▶ _Dataset section_
= Beginning of Section =

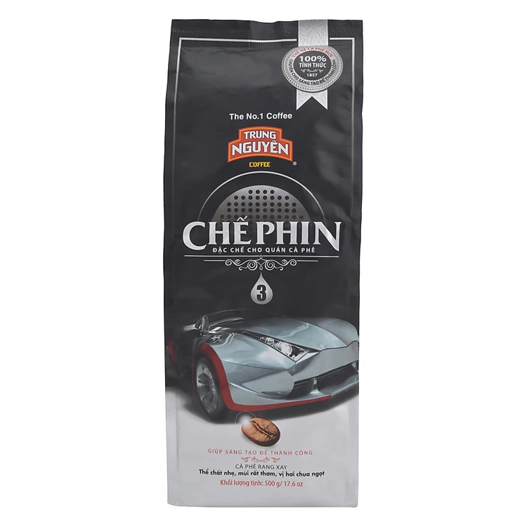 - Cà Phê Chế Phin 3 Trung Nguyên (500g) được làm từ hạt cà phê nguyên chất, có vị đắng hơi gắt, mùi thơm nhẹ. Chỉ bằng vài thao tác đơn giản, bạn có thể dễ dàng pha chế theo khẩu vị ưa thích.
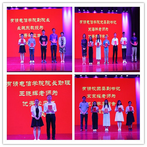 2018年6月27日晚6:30,“知意青春,不负芳华”电信学院2018届毕业生表彰大会暨文艺晚会在大兴校区老员工活动中心如期举办。电信学院经理郭茂祖教授、党委书记张雷老师、副经理魏东教授、党委副书记关海琳老师、经理助理王晓辉老师、校团委副书记宋宗耀老师、各专业教师、班级导师、辅导员与现场200余名2018届毕业生共同观看了演出。晚会由钱程、张宇彤、闫伟祺三位同学主持。
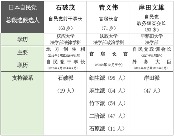 據悉,自民黨的黨內7個派系中有5個派系表示支持菅義偉,同時他還得到了部分無派系議員的支持,這讓他在國會議員票上處于優勢。而岸田文雄、石破茂兩人則試圖在地方黨員代表中獲得盡可能多的支持。

= End of Section =

Go to the line containing "2018年6月27日晚6:3", then write out word for word every line from there to the end of the listing. Keep both end lines and drop the pictures.

▶ _Written response_
 2018年6月27日晚6:30,“知意青春,不负芳华”电信学院2018届毕业生表彰大会暨文艺晚会在大兴校区老员工活动中心如期举办。电信学院经理郭茂祖教授、党委书记张雷老师、副经理魏东教授、党委副书记关海琳老师、经理助理王晓辉老师、校团委副书记宋宗耀老师、各专业教师、班级导师、辅导员与现场200余名2018届毕业生共同观看了演出。晚会由钱程、张宇彤、闫伟祺三位同学主持。
 據悉,自民黨的黨內7個派系中有5個派系表示支持菅義偉,同時他還得到了部分無派系議員的支持,這讓他在國會議員票上處于優勢。而岸田文雄、石破茂兩人則試圖在地方黨員代表中獲得盡可能多的支持。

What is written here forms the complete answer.